Most political reporters know that the California Legislature is a co-equal branch of government but few know much about the legislators themselves. As a result, all too often they place legislators in traditional categories — eg, “pro-business, “pro-labor,” “pro-environment” — when California’s political world has moved well past those old and uninformative designations.
For example, how should one categorize GOP Assemblymember Catharine Baker, who voted for California’s cap-and-trade legislation? Or Democratic State Senator Scott Weiner, who supports charter schools?
In our view, such legislators should be categorized as “liberated.” Until recently, legislators were rarely able to legislate for the general interest because that meant drawing potentially fatal fire from special interests. What changed? Two things: The growth of direct donations to state legislators from individuals and the establishment of an open primary system.
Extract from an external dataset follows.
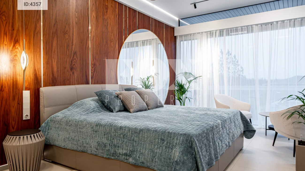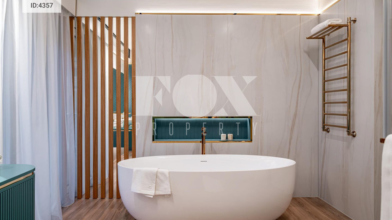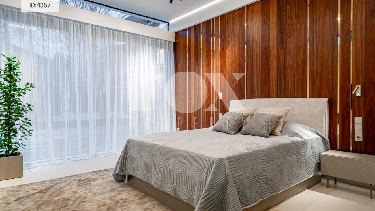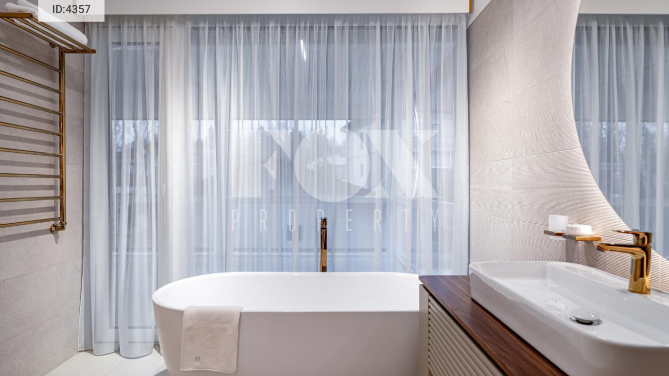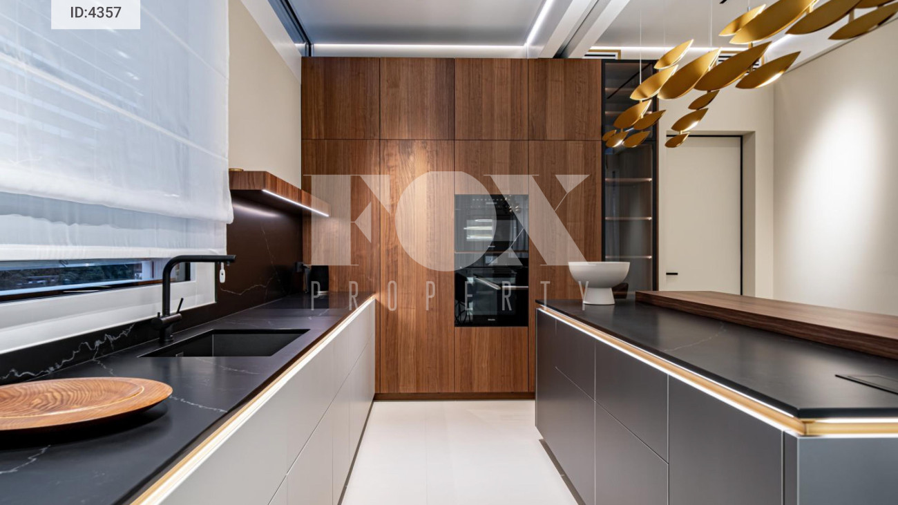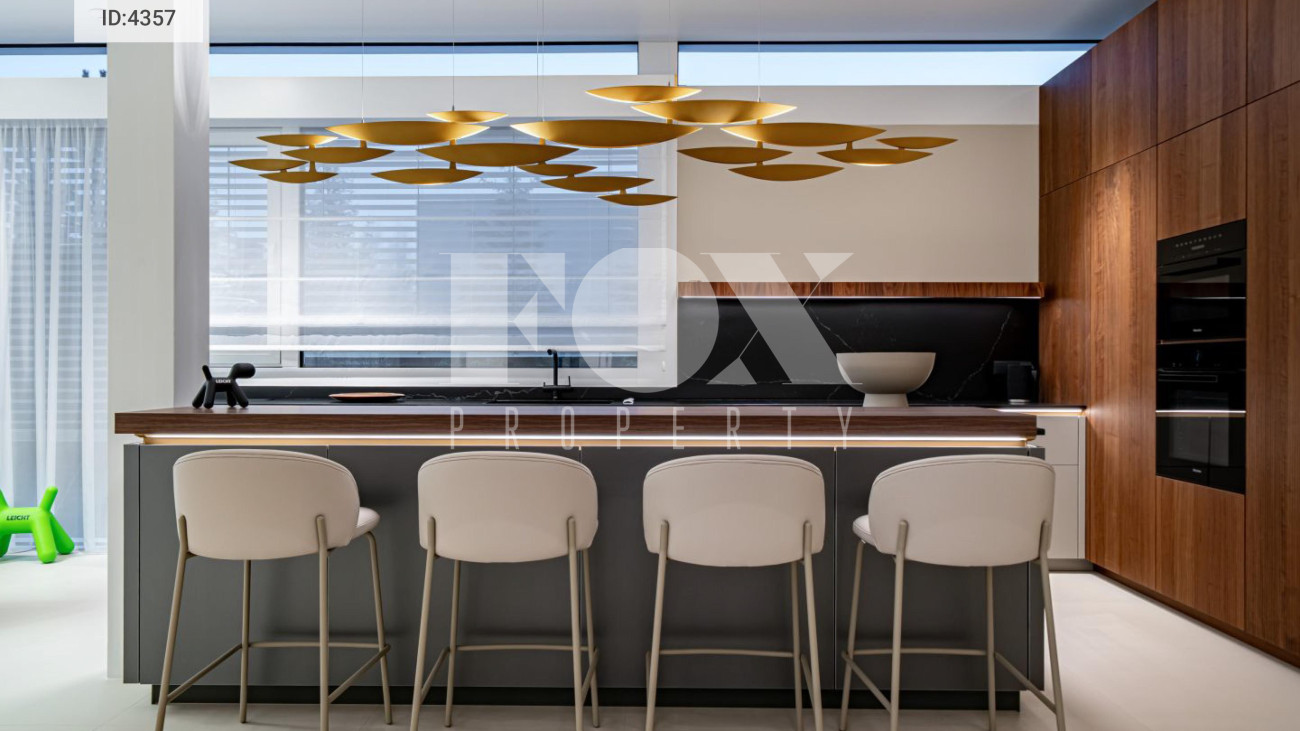 Внутренняя отделка выполнена из материалов высокого класса. Кухня оборудована мебелью немецкого бренда Leicht и укомплектована техникой Miele, включая винный шкаф и встроенную кофемашину;холодильник Liebherr. В интерьере используется мебель BoConcept.

When reporting on campaign finance the press tends to fixate on independent expenditures, which are headline grabbers and easier to track, but direct donations can be more consequential in legislative races and even more so in the case of sitting legislators. Historically, special interests dominated direct donations to legislators but that started to change in 2011 with the emergence of networks such as Govern For California’s that bundle direct donations from individuals in amounts that in 2018 may not exceed $4,400 per donor per recipient per election. Now, candidates and legislators receive healthy amounts of donations from individuals interested only in good governance. That helps to insulate them from special interest fury and to liberate them to act in the general interest.
The other liberator was Top Two Primary, California’s version of open primary. In closed primary systems, legislators have to worry about an attack from a flank. Thus in a closed primary world GOP legislator Catharine Baker’s vote for cap-and-trade would likely have unleashed a vicious closed primary attack from her right. Likewise for Democrats who vote in ways that could unleash attacks from the left. Open primaries empower legislators to represent more than the special interests who dominate closed primaries.
To uninformed observers legislators of the same party might appear undistinguishable. But in reality they can be very different — especially given the enormous breadth of their responsibilities. California legislators spend $300 billion per year and write laws and regulations affecting nine million students, 13.5 million Medi-Cal enrollees, 20 million workers and 40 million citizens. They write more than two dozen codes, including those that govern education, crime, health, safety, work, the environment, housing, water and food. Given that breadth, shouldn’t one expect intra-party differences?
The liberation of legislators also heralds a return to the power the California Legislature is supposed to assert. There is a reason the Legislative Branch appears before the Executive Branch in California’s constitution. For too long governors have set agendas when their principal responsibility under the constitution is to enforce laws written by the legislature. Now that legislators can be liberated to represent the general interest it’s time they assumed their rightful roles. After all, a California state legislator easily has more impact on the daily lives of Californians than do Members of Congress or US Senators.
Political reporters don’t have an easy job. Legislators considered 2700+ bills in 2017. That’s a lot of ground to cover. But if they are going to categorize legislators they have to review actual legislator behavior.